By OGJ editors
HOUSTON, Aug. 26 -- Efficiency improvements of at least an order of magnitude are needed in US shale gas plays because field costs will not stay at the levels to which they have dropped since late 2008, said a speaker Aug. 26 at the Summer NAPE E&P Forum in Houston.
Now that the industry has mastered combination of horizontal drilling and multiple frac stages, the rate of technology growth seems to be slowing, said William Coates, president, Schlumberger Oilfield Services, North America. Taking more measurements in each well may be the key.
Drilling and completion capital costs are not going to stay low, and field service costs may begin to increase within a few months, said Coates.
The proliferation of frac jobs to as many as several dozen per well is inefficient, and most operators don’t take enough measurements in the vertical or horizontal portions of shale gas wells once they have completed their initial reservoir characterization drilling, he said. The move from science mode to gas manufacturing is too abrupt.
Companies should set a goal of obtaining the same ultimate recovery by “doing less,” Coates urged. They must find ways to cut the drilling time of a typical shale well to 7 days from 28, for example, by attaining the capability for a single bit run for the vertical part of the hole and one bit run for the curve and lateral.

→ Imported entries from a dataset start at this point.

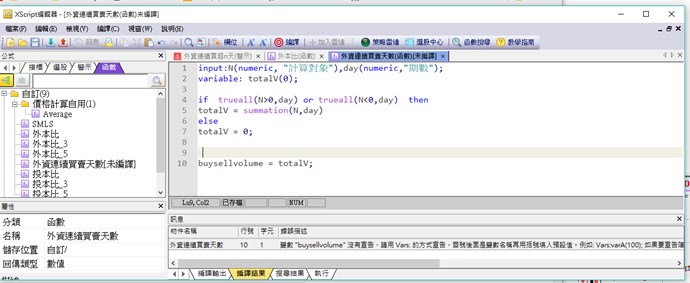 外資連續買賣天數101變數 "buysellvolume" 沒有宣告,請用 Vars: 的方式宣告,冒號後面是變數名稱再用括號填入預設值。例如: Vars:varA(100); 如果要宣告陣列請用 Arrays: 冒號後面是名稱再用 [] 設定維度與大小,括號填入預設值。例如 Arrays:arr1[10](0);。
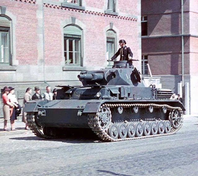 Esta icónica imagen (coloreada), es ampliamente conocida y utilizada como portada de varios libros. La foto está tomada el sábado, 1 de junio de 1940 en Francia y se ve a un Panzerkampfwagen IV Ausf. D (Nº 432) comandado por el Oberleutnant (1er Teniente) Karl Hanke (El último Reichsführer der SS) y en esa época asignado al Regimiento Panzer 25/7.División Panzer bajo el mando del Generalmajor Erwin Rommel durante la Batalla de Francia
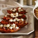 Twice-Baked Sweet Potatoes with Pecan-Bacon Streusel and Marshmallows

Landing the lateral at the depth of the sweet spot at any given well location could result in twice to three times the ultimate recovery if an operator spent an extra $100,000 on measurements, Coates estimated.
Other steps toward efficiency could come in the use of friction reducers and biocides to halve the amount of water required for fracs, laying fiber optic cable outside casing to measure vibration to learn which frac stages are producing, and learning how to conduct fewer inefficient fracs by using log-while-drilling measurements to select perforated intervals.